General information
- Type: Airborne early warning and control
- National origin: India
- Manufacturer: Airbus Defence & Space (OEM for aircraft); Adani Defence Systems and Technologies (DcPP for mission systems);
- Designer: Centre for Airborne Systems, DRDO
- Status: Under development
- Primary user: Indian Air Force (intended)
- Number built: 6 planned

History
- Developed from: Airbus A321 (aircraft) Netra AEW&C (radar system)

= DRDO Netra Mk2 =

Airborne early warning and control aircraft

The DRDO Netra Mark 2 is an upcoming Indian airborne early warning and control (AEW&C) system being developed by the Defence Research and Development Organisation for the Indian Air Force. It follows the Netra Mark 1 and Mark 1A variants, and will be mounted on Airbus A321 aircraft that have been acquired from Air India.

==Development==
The Defence Acquisition Council (DAC) in September 2021 cleared the acceptance of necessity for the ₹11000 crore AEW&CS project for six aircraft. The platform would be Airbus A321 purchased from Air India. The platforms would be sent to France, modified to military standards, and then will be returned to DRDO where radars and surveillance suites would be fitted. The contract negotiations for the modifications of the aircraft was on the way as of October 2024.
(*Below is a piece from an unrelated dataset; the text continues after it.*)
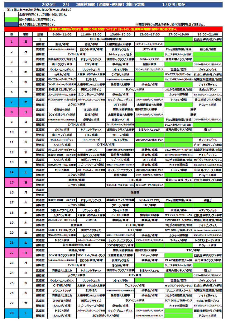 2月度 武道室・健康相談室のスケジュールを更新いたしました。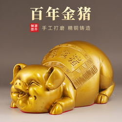 [Cerdo dorado centenario] Adorno de cerdo de latón Artesanía Sala de estar Decoraciones para el hogar Oficina Sala de estar Cerdo de cobre del zodiaco

The developmental work on the six Mark 2 aircraft, with bigger and more capable versions of the AEW&C radars and sensors to be mounted on the A321 platforms was already at an advanced stage, as of February 2024, at a cost of ₹10990 crore. The delivery of the first such AEW&C Mark-2 aircraft, which will also have an antenna in the nose in addition to the main dorsal antenna to give 300-degree radar coverage, would take place in 2026–27. The Adani Defence Systems & Technologies Limited (ADSTL) has been designated as the L1 entity for becoming the Development cum Production Partner (DcPP) for this project.

The six A321 aircraft, as of March 2025, were being operated by the Air HQ Communication Squadron, Indian Air Force.
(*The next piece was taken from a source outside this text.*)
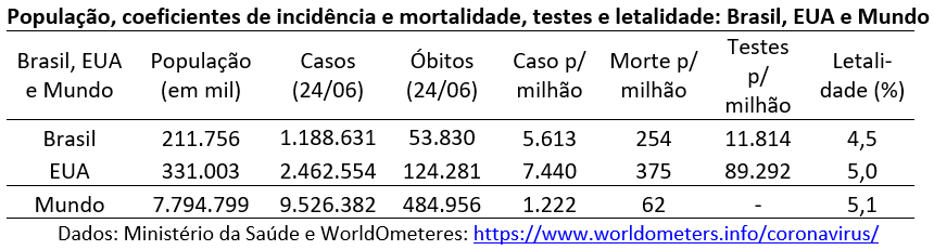 A tabela abaixo mostra que o Brasil apresentou, no dia 24/06, um coeficiente de incidência de 5.613 casos por 1 milhão de habitantes, contra 7.440 casos por milhão dos EUA e 1.222 da média mundial. O coeficiente de mortalidade foi de 254 mortes por milhão de habitantes no Brasil, 375 mortes por milhão nos EUA e 62 mortes por milhão na média mundial. A taxa de letalidade no Brasil foi de 4,5%, contra 5% nos EUA e 5,1% na média mundial.

The Cabinet Committee on Security approved the project, worth ₹19000 crore, on 17 July 2025. It is anticipated that the project will be completed in three years starting in 2025. For the refit, DRDO will collaborate with Airbus Defence and Space in Spain, to modify and upgrade the jet platforms as per military standards, along with several Indian firms to equip the Netra Mk 2 with a mission control system and an indigenous AESA radar atop a dorsal fin-mounted antenna which will reportedly provide 300–360° coverage. The project has been officially designated AWACS (India). All the six aircraft are expected to be delivered by 2033–34. The cost of the project inflated by ₹7000 crore after additional modifications to the aircraft was identified.

The aircraft upgrade project in France was cleared by the DAC on 29 December 2025.

On 22 July 2026, the Centre for Airborne Systems (CABS) of DRDO signed two important contracts with the industry to enable the development and production of the AEW&C Mk II project. The first contract was signed with AI Engineering Services Limited (AIESL), New Delhi, under which the A321 airframes will be converted from commercial or airliner to green configuration. The DcPP contract with the ADSTL, Ahmedabad, was also signed on the same day. CABS along with ADSTL will be responsible for the integration of the mission systems on the modified A321 platforms delivered by the Airbus Defence & Space. Thereafter, CABS and ADSTL will conduct flight trials of the system to receive certification from the CEMILAC and the Directorate General of Aeronautical Quality Assurance (DG AQA).

==Design and Features==
The Netra Mk2 will feature a dorsal fin-mounted active electronically scanned array radar, providing 300° radar coverage. In addition, a secondary antenna will be installed in the nose of the aircraft to enhance forward coverage.

Other planned features include:

- Extended detection ranges compared to the Netra MkI.
- Multi-role mission control system for airspace surveillance, battle management, and communication relay.
- Integration of advanced indigenous sensors and electronic warfare suites.
- Use of Airbus A321 as the base platform, offering larger payload capacity and endurance compared to Embraer EMB-145 used in Netra Mk1A.

==Operators==
- Indian Air Force – Six aircraft to be procured.